I may be uptight sometimes, but use it to my advantage in a situations when its warranted.
Example 1 date. My instinct was to dump this cvnt flat and let her deal with the mess left behind. She wasn't complimenting me, she was negging me, trying to act cool and trying to get the upperhand on me. She was a jerk, but I became a bigger jerk by pulling the "trigger" and walking out.
I was uptight because I sensed she didn't "wasn't feeling" it with me. I sensed it.
She didn't sell me and I didn't sell her. It was break even.

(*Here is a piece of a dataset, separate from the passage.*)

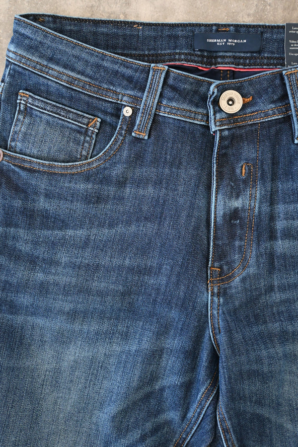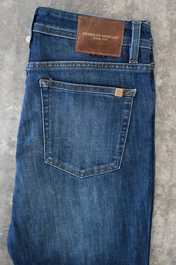 Descubre los jeans Sherman Morgan #SM748 para hombre, de corte slim fit. Confeccionados en 98% algodón y 2% elastano en raw denim, ofrecen comodidad y estilo clásico. Cuentan con cierre frontal por cremallera y botón personalizado de la marca, más un diseño de 5 bolsillos. Perfectos para outfits casuales o neo-dandy en tonos indigo.

I didn't get laid, but kept my dignity intact. The key is to listen "between the lines." What is really being said and watch their actions.
Example 2 date. My date a few months ago. She sold herself to me. She made me laugh, she bought me a shot, but I kept the bar tab separate from hers. I cracked a few jokes and one-liners, I told her a few entertaining stories, I was engaged in the conversation, was friendly, but not overly enthusiastic. She was engaged and friendly. I was relaxed and light-hearted--not mean or deep. Kind of serious when I first met her though. I didn't smile much. Just smirked.
At the end of the night she granted me three wishes..I told her exactly what I wanted.(smiled then)
She gave me the best sex at the end of the date and I didn't have to buy her drinks or anything.
Some women are into you and some aren't. But I believe someone ALWAYS gets sold. She got sold.